Next, the procedure of the response process according to the first embodiment will be described with reference to FIG. 12B illustrating a process block diagram. FIG. 12B is the block diagram illustrating the process according to the first embodiment.


A display input process 111 is configured to process a user's input via the display or the like of the response processing device 100. Specifically, in the display input process 111, the input information is transmitted to a command generation process 115 via a user interface or the like displayed on the touch panel display. The display input process 111 corresponds to, for example, the image input sensor 20B, the detection unit 41, and the like illustrated in FIG. 7.


A voice input process 112 is configured to perform a process of converting an input of the user's speech into character information (text). The voice input process 112 may include a signal processing function of reducing external ambient sound such as noise. The voice input process 112 transmits the input information to a user input analysis process 114. The voice input process 112 corresponds to, for example, the voice input sensor 20A illustrated in FIG. 7, the detection unit 41, and the like.


A specific command data holding unit 113 is a portion that holds the type of the specific command and a corresponding character string in association with each other. Note that the types of the specific command and the character string are configured to be edited by the user. The specific command data holding unit 113 corresponds to, for example, the command table 33 illustrated in FIG. 7.


In the user input analysis process 114, it is determined whether the input from the user is corresponds to the specific command, referring to the specific command data holding unit 113. As described above, the types of the specific commands include “receive the result from a specific agent 10” or “listen to the result from another agent 10”. In other words, in the user input analysis process 114, the user's voice and the like are analyzed to determine whether those voices correspond to the specific command. Note that, in the user input analysis process 114, when the received input does not correspond to the specific command, transmitting that there is no specific command (empty command analysis result) together with the input information (text, etc.), to the command generation process 115. The user input analysis process 114 corresponds to the processes performed by, for example, the presentation unit 50 and the analysis unit 51 illustrated in FIG. 7.


In the command generation process 115, the command to be transmitted to each agent 10 is generated, on the basis of the information input from the user or the command analysis result analyzed in the user input analysis process 114. Note that the command generated in the command generation process 115 is also transmitted to a command history holding unit 117 and is held as a history. The command generation process 115 corresponds to the processes performed by, for example, the presentation unit 50 and the generation unit 52 illustrated in FIG. 7.

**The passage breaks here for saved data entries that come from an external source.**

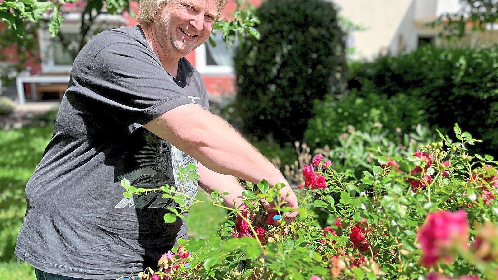 Holger Zimmert steht in seinem Garten in Tirschenreuth. Der 46-Jährige atmet tief durch, während er einen Rosenstrauch zurückschneidet.
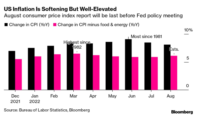 美国消费者价格指数预计将显示,与去年同期相比,8月份的年度涨幅为8%,低于上个月的8.5%,这是连续第二个月的减速,Vince Golle在这里概述。
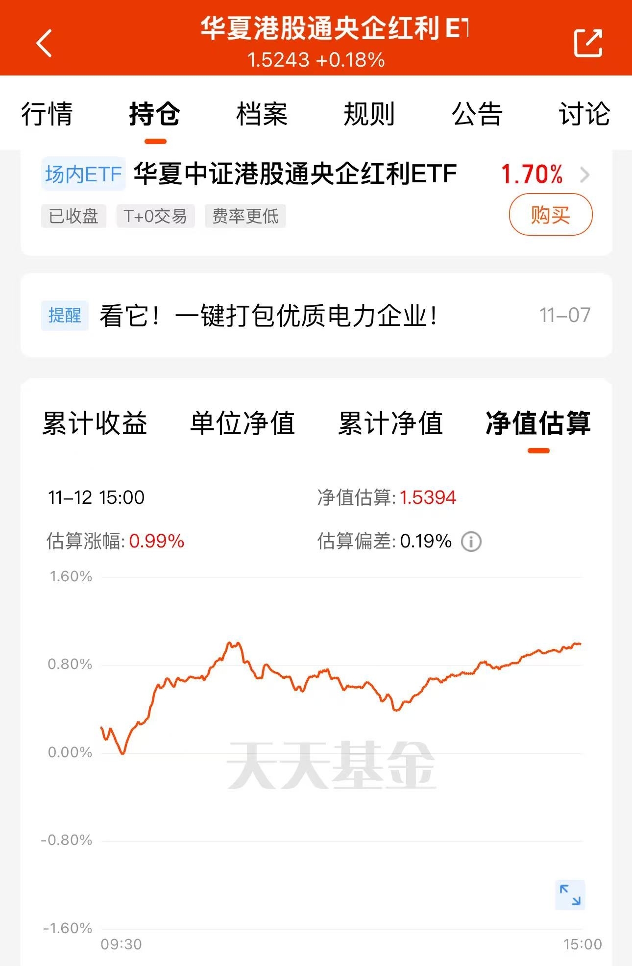 市场震荡依旧,为了年底红包丰厚,选择拿点红利性产品,这基连红5天,今天也是正收益的一天,$华夏港股通央企红利ETF联接C$股息也高,持仓也都是央企,体验感不错

A communication process 116 is configured to convert the command obtained through the command generation process 115 into a command having a format in conformity with a data format of each agent 10 connected to the response processing device 100, and transmit the information obtained after the conversion. Then, in the communication process 116, the result output from each agent 10 is obtained and the result is transmitted to a result management process 118. At this time, in the communication process 116, the acquired response is converted into a common format for result storage and held so as to show whether what kind of result is associated with which agent 10.

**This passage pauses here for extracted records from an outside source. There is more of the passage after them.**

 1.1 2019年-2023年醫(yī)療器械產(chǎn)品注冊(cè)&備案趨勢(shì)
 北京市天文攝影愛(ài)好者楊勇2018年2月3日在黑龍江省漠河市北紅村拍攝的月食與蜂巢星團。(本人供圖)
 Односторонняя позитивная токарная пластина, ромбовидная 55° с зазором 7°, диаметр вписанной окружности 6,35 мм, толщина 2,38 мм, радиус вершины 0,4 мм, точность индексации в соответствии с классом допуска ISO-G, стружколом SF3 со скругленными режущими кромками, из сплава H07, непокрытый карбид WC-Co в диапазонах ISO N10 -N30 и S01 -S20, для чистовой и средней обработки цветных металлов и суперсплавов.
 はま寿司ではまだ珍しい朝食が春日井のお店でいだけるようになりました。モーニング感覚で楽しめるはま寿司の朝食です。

Furthermore, in the communication process 116, when the specific command is obtained, the specific command is transmitted to the result management process 118. Furthermore, in the communication process 116, information managed in the result management process 118 is acquired, and the content of the information is transmitted as the feedback to each agent 10. This feedback acts as a positive reward (positive example) or negative reward (negative example), for each agent 10. The communication process 116 corresponds to the processes performed by, for example, the presentation unit 50, the output control unit 53, and the transmission unit 54 illustrated in FIG. 7.

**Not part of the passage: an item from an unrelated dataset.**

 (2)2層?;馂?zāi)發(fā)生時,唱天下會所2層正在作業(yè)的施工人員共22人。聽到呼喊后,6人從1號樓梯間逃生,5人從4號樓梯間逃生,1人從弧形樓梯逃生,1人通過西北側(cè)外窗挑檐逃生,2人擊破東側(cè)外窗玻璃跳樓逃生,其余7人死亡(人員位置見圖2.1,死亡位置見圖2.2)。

The command history holding unit 117 holds the commands issued in the command generation process 115 in time series. Note that the command history holding unit 117 may also calculate and hold the contents of the commands received, the frequency of issuance of the commands, or the like. The command history holding unit 117 corresponds to, for example, the user information table 31 and the history table 34.


In the result management process 118, the result obtained from each agent 10 is held and managed. In other words, information obtained through the conversation with the user is held for a certain period of time and is transmitted to a feedback generation process 119 or the communication process 116 according to the specific command received thereafter. Note that when a predetermined time has elapsed, the held result is appropriately discarded. The result management process 118 corresponds to the processes performed by, for example, the presentation unit 50, the generation unit 52, and the transmission unit 54 illustrated in FIG. 7.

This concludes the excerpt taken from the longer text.